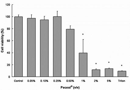 Measurement of toxicity of Peceol® and Gelucire® 44/14 in Caco-2 cells
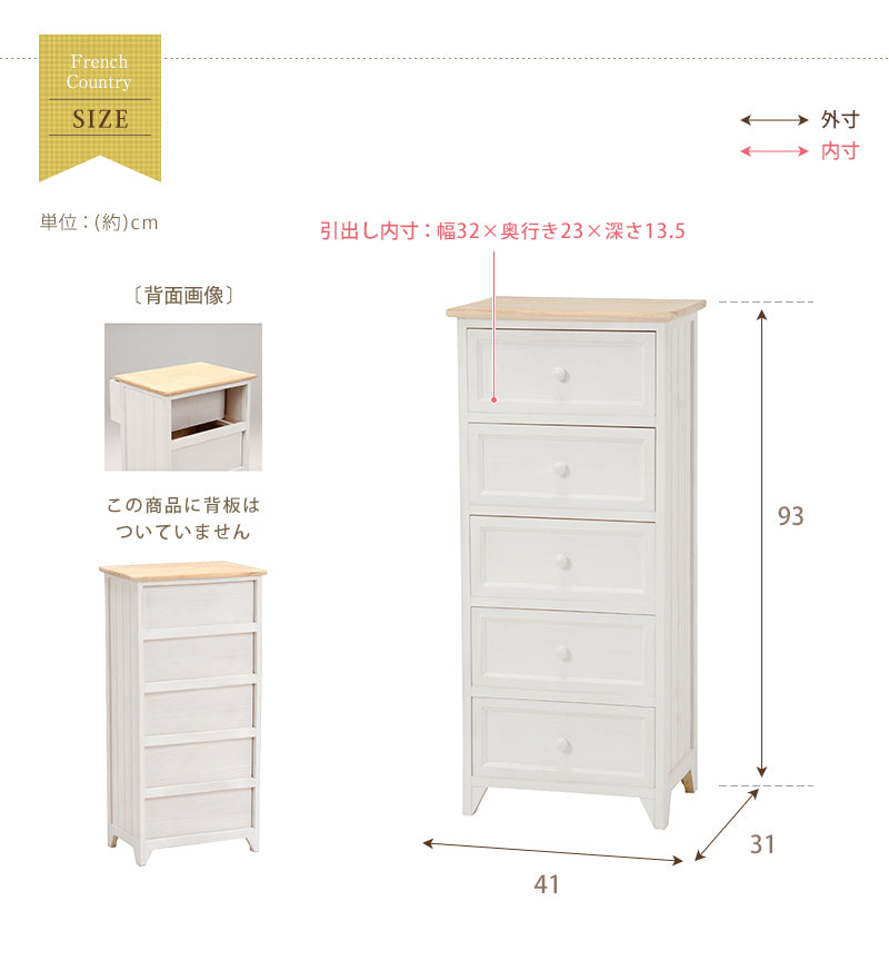 シャビーホワイトの本体にアンティーク調ナチュラルな天板が映える、シンプルチェスト ホワイト(約)幅41×奥行31×高さ93cm
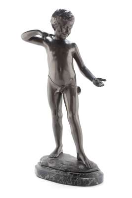 bronze, greenish brown patina, modelled as a draped boy holding a snail in his left hand, on a naturalistic base signed 'Th. Somme' and stamped 'Etling Paris' on a shaped oval green marble base
::::::
Activity: No pictures go in the copy. Set down all the data exactly.

Exercise result:
 Measurement of toxicity of Peceol® and Gelucire® 44/14 in Caco-2 cells
 シャビーホワイトの本体にアンティーク調ナチュラルな天板が映える、シンプルチェスト ホワイト(約)幅41×奥行31×高さ93cm
 bronze, greenish brown patina, modelled as a draped boy holding a snail in his left hand, on a naturalistic base signed 'Th. Somme' and stamped 'Etling Paris' on a shaped oval green marble base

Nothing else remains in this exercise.